I am referring to the fact I suffered, protractedly, with anorexia. For a while, I suppose, this filled enough of my waking thoughts and straddled a sufficient span of years to be considered the thing I was. Or was it the thing I had? I suppose in some ways anorexia collapses the distinction between sufferer and illness: you are so very definitely, so very visibly, that which you suffer. I always struggle with the phraseology, the verb choice, around eating disorders: one grammatical decision over another can cause connotations, or give that otherworldly, mythologising impression I want to very much veer away from. So I’ll put it succinctly. I’ll truncate it so it only sounds as it was. I starved myself and caused myself a lot of pain and damage. I made everyone angry and worried and lost a hell of a lot more than weight in the process. And now, now that I am OK and better and in a state of post eating disorder autonomy, that which I was still colours perception.

A few months back I had one of those mid-week, middle of the night pangs. The kind of pangs you, irritatingly, only have at 3AM when it would be impolite to wake anyone but you know you need to do that thing right now, set it all in motion and tell someone about it so that it becomes solid and real. This was, in reality, nothing more earth-shattering than a rock-bottom feeling that I needed to be kinder to myself; to take some exercise (we’re talking a nine year hiatus here); to stop tipsily dragging on swiftly-regretted cigarettes; to stop being so hard on myself. I have a limpet-like resolve, something I’m certain aided my ability to sustain an existence of starvation for so long. But it can be useful in more progressive ways too and it was just a few days before I was out puffing and wincing and trying to ‘get back into’ running. And it worked.
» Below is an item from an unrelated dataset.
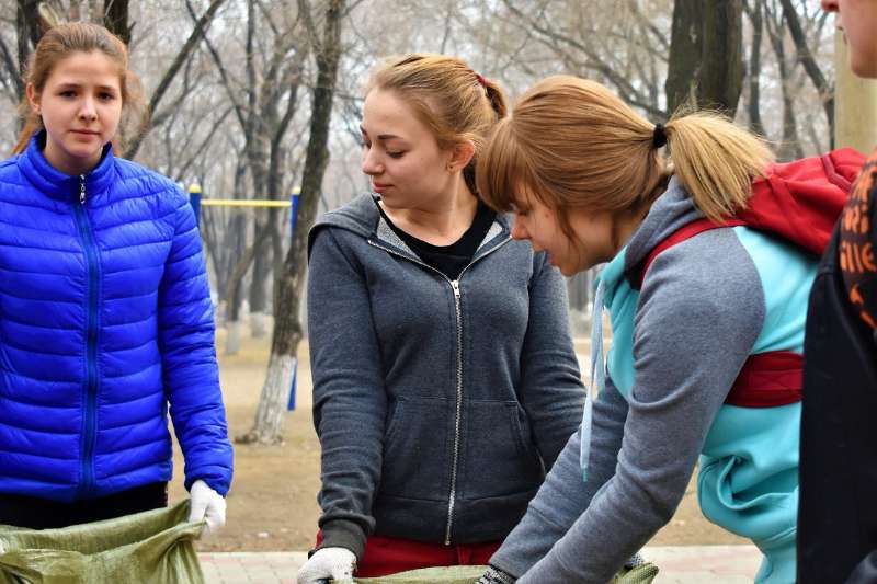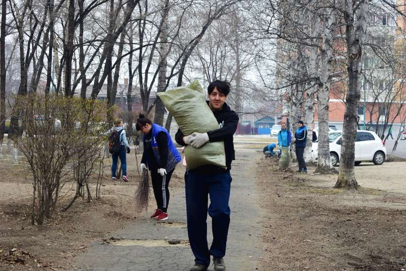 На прошлой неделе студенты БГПУ приняли участие в двух акциях по уборке территорий города. Первый субботник прошёл 20 апреля в Парке Мира. В рамках поручения губернатора Амурской области Александра Козлова, за студенческими отрядами закреплено шефство над парком Мира, который расположен на пересечении улиц Б. Хмельницкого и Красноармейской. Каждую весну и осень студенты принимают участие в его благоустройстве, очистке газонов от листвы и побелке деревьев. 20 и 21 апреля в рамках акции «Чистый город» администрация Общественно-культурного центра обратилась с просьбой оказать помощь в уборке детского оздоровительного лагеря им. Ю.А. Гагарина, где уже летом наши студенты отработают свой летний трудовой семестр. Студентов доставили до лагеря на автобусе, напоили сладким чаем. А они навели порядок, сгребли листву и ветки. Комсостав штаба студенческих отрядов БГПУ благодарит всех бойцов отрядов за помощь!

I’m running ten, twelve miles at a go and am ineluctably – incredibly – changed for it. It feels vital and inspiring and I am just on the right side of smugly positive about it. All of this means I feel more than a little miffed when people who were there then try and snuff out my happy little flame with their expressions of concern. I can of course see the correlation. Running, training, pushing your body into places of hurt and endurance skirts dangerously close to the edges of a previous mindset. Exercise can be addictive, compulsive; as can starvation. And that’s before we even get onto the calorie burning.

I am constantly being asked if I’m sure I’m OK. Or, am I being careful? (which sounds wincingly close to tacit disapproval of a teenage relationship) and not to take it too far. I’m aware that for most recovered people beginning any kind of exercise regime brings with it the consideration that perhaps you are sticking your head into the bears mouth. The inevitable changes it brings might be hard to cope with, or resist. I know all of this and knowing is part of the reason I was able to leave it all behind in the first place. It’s perfectly understandable of course and is, in the minds of others, perhaps akin to a recovering alcoholic announcing she’s just going press her face up against the window of a pub for several hours five times a week. Because it’s OK, she’s not going in, so it’s not the same thing. I understand why this reaction occurs, as much as I understand the intended-to-be-subtle glances that are sometimes exchanged when I say that, honestly, I’m just not hungry. It’s logical. It makes sense. It comes from a good place.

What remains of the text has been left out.